- **DATA EXCERPT**

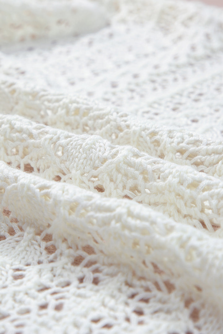 White Stylish Hollow Out Knit Drop Shoulder Cardigan
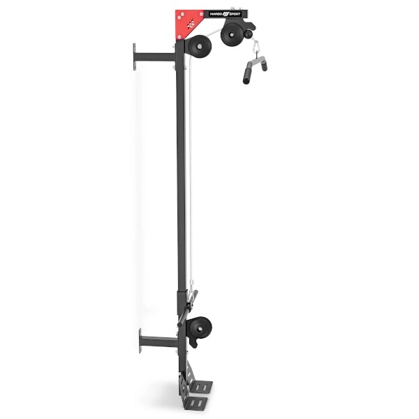 Compacte boven- en onderkatrol voor wandmontage van MARBO Sport voor een effectieve training van armen, schouders en rug. Biedt een stevige stalen constructie, soepele loop dankzij gelagerde katrollen en een maximale belasting tot 140 kg. Dankzij twee laadpinnen kun je zowel standaard als olympische schijven gebruiken, terwijl robuste voetsteunen stabiliteit bieden bij oefeningen met de onderkatrol. Inclusief een brede lat-pulldown greep.
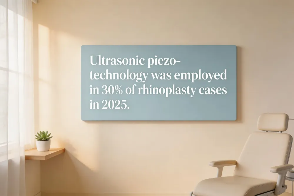 - Ultrasonic piezo‑technology was used in 30% of rhinoplasty cases in 2025, reducing swelling and bruising.

- **TASK TO COMPLETE**
Repeat the material above verbatim, with no pictures in the output.

- **WRITTEN ANSWER**
 White Stylish Hollow Out Knit Drop Shoulder Cardigan
 Compacte boven- en onderkatrol voor wandmontage van MARBO Sport voor een effectieve training van armen, schouders en rug. Biedt een stevige stalen constructie, soepele loop dankzij gelagerde katrollen en een maximale belasting tot 140 kg. Dankzij twee laadpinnen kun je zowel standaard als olympische schijven gebruiken, terwijl robuste voetsteunen stabiliteit bieden bij oefeningen met de onderkatrol. Inclusief een brede lat-pulldown greep.
 - Ultrasonic piezo‑technology was used in 30% of rhinoplasty cases in 2025, reducing swelling and bruising.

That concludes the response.